__WHAT TO PRODUCE__: Could you transcribe the entries below exactly, starting at the line that contains "You have your" and stopping at the last line, without any pictures?

[Opening RECORD EXTRACTS section]

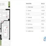 - Parter ≈70 m² – jasny salon z aneksem kuchennym i miejscem na wyspę, łazienka, kotłownia, wiatrołap oraz garaż jednostanowiskowy.
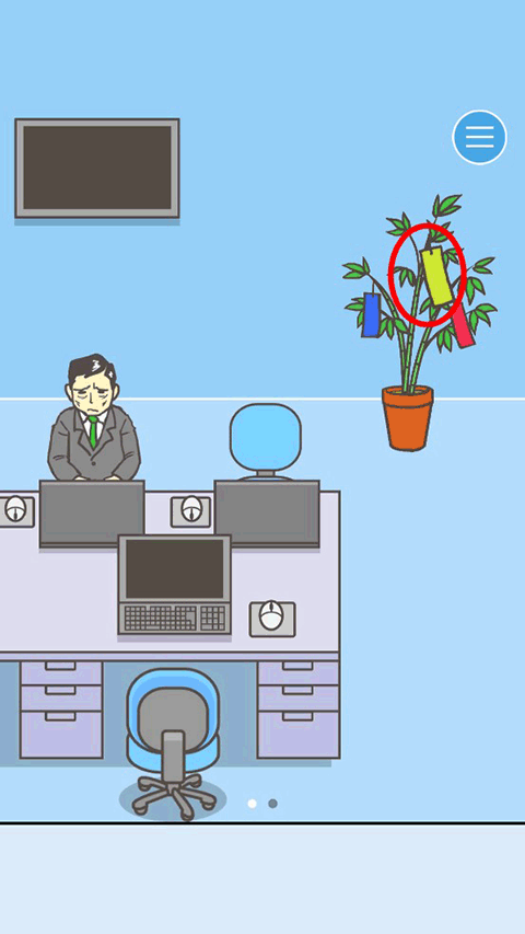 第三关的布局和第一关的布局一模一样,只是我们第一场景多了盆植物以及领导消失了,这个时候如果去第一关的花盆那拿钥匙那是行不通的,而老板也藏匿在那个柜子下面的空间内,这个时候最让人值得怀疑的就是那盆植物,点击植物上的黄色信条就发现钥匙在里面,这个时候直接开门就行了。
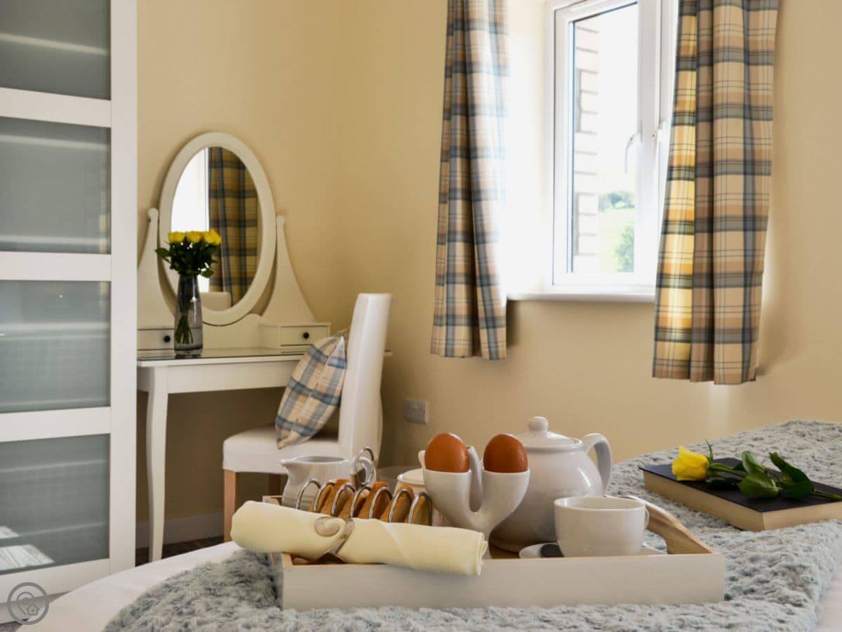You have your own enclosed courtyard outside the front door. It's a proper suntrap in good weather. We have sheep in the fields around and some chickens, so we ask that dogs are kept on a lead when they're outside the courtyard. Just so everyone gets on.
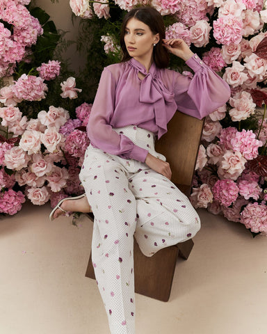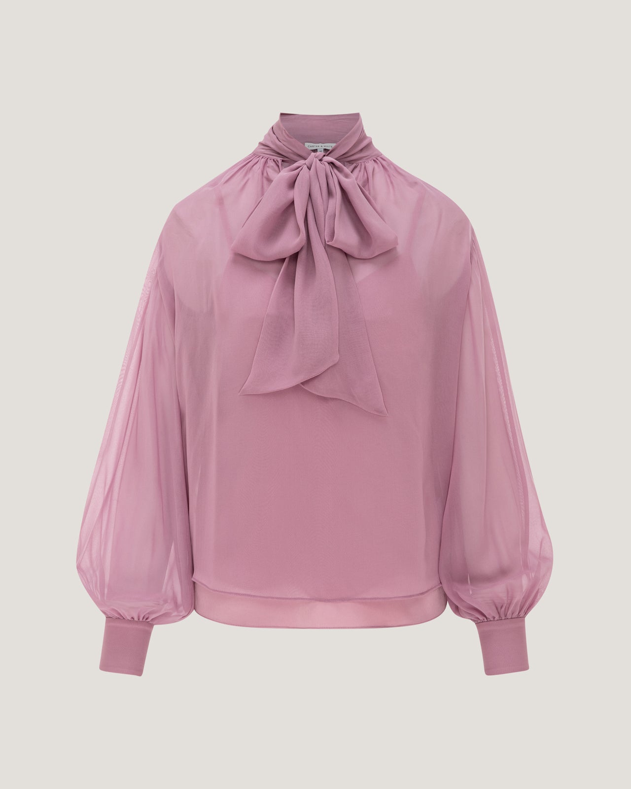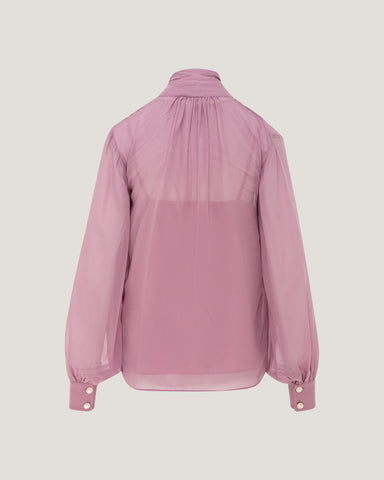 A romantic interpretation of modern elegance, this blouse is crafted from airy silk georgette in a soft rose hue. The fluid fabric drapes effortlessly over the body, creating a lightweight silhouette that feels both refined and feminine.
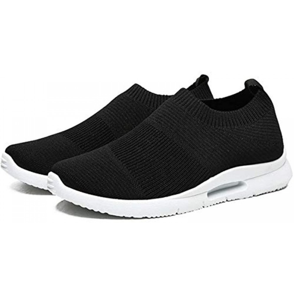 Men's Running Shoes Breathable Knit Slip On Sneakers Lightweight Athletic Shoes Casual Sports Shoes High Top Black

[Closing RECORD EXTRACTS section]

__RESPONSE TO THIS EXERCISE__:
You have your own enclosed courtyard outside the front door. It's a proper suntrap in good weather. We have sheep in the fields around and some chickens, so we ask that dogs are kept on a lead when they're outside the courtyard. Just so everyone gets on.
 A romantic interpretation of modern elegance, this blouse is crafted from airy silk georgette in a soft rose hue. The fluid fabric drapes effortlessly over the body, creating a lightweight silhouette that feels both refined and feminine.
 Men's Running Shoes Breathable Knit Slip On Sneakers Lightweight Athletic Shoes Casual Sports Shoes High Top Black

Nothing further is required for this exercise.